Instructions for the task >>
Leaving every picture out, repeat all of the entries below exactly.

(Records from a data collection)
-.-.-

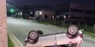 Carro capota na avenida Linneu de Moura durante a madrugada
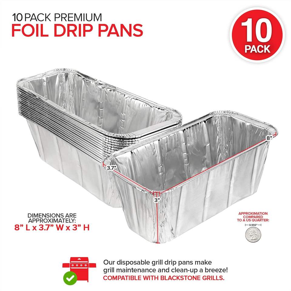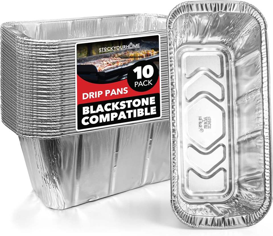 Stock Your Home Rectangle Aluminum Foil Grill Drip Pan (10 Pack)-Recyclable Food Grade Compatible Blackstone's BBQ Griddle
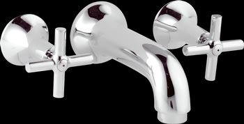 Classic Chrome on Brass Wall Mount Widespread Faucet measures 6 3/4 in. projection. Philadelphian-style cross handles. This faucet has a 500, 000 cycle cartridge for long-lasting life, and comes complete with pop-up drain assembly. Order Your Bright Chrome Plated Solid Brass Faucets Today! Sorry, this item is Sold Out, and no longer available. Thanks!
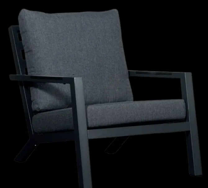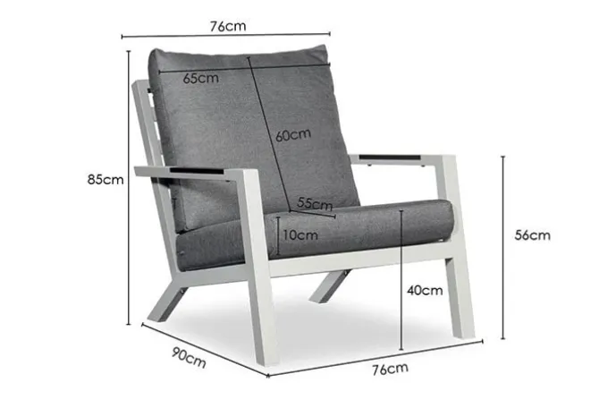 Moderne fauteuil gemaakt van een gepoedercoat aluminium frame, goed gevulde loungekussens. Vrij van onderhoud, roestvrij en makkelijk te verplaatsen.
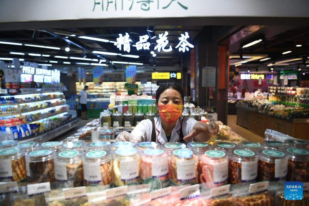 A staff member arranges commodities at a supermarket in Zhuozhou, north China's Hebei Province, Aug. 10, 2023. Some markets, supermarkets and shopping malls have been returned to normal operation after the floodwater receded in Zhuozhou. At present, the supply of daily necessities in the city has been adequate with stable price. (Xinhua/Zhu Xudong)

-.-.-

Output below >>
 Carro capota na avenida Linneu de Moura durante a madrugada
 Stock Your Home Rectangle Aluminum Foil Grill Drip Pan (10 Pack)-Recyclable Food Grade Compatible Blackstone's BBQ Griddle
 Classic Chrome on Brass Wall Mount Widespread Faucet measures 6 3/4 in. projection. Philadelphian-style cross handles. This faucet has a 500, 000 cycle cartridge for long-lasting life, and comes complete with pop-up drain assembly. Order Your Bright Chrome Plated Solid Brass Faucets Today! Sorry, this item is Sold Out, and no longer available. Thanks!
 Moderne fauteuil gemaakt van een gepoedercoat aluminium frame, goed gevulde loungekussens. Vrij van onderhoud, roestvrij en makkelijk te verplaatsen.
 A staff member arranges commodities at a supermarket in Zhuozhou, north China's Hebei Province, Aug. 10, 2023. Some markets, supermarkets and shopping malls have been returned to normal operation after the floodwater receded in Zhuozhou. At present, the supply of daily necessities in the city has been adequate with stable price. (Xinhua/Zhu Xudong)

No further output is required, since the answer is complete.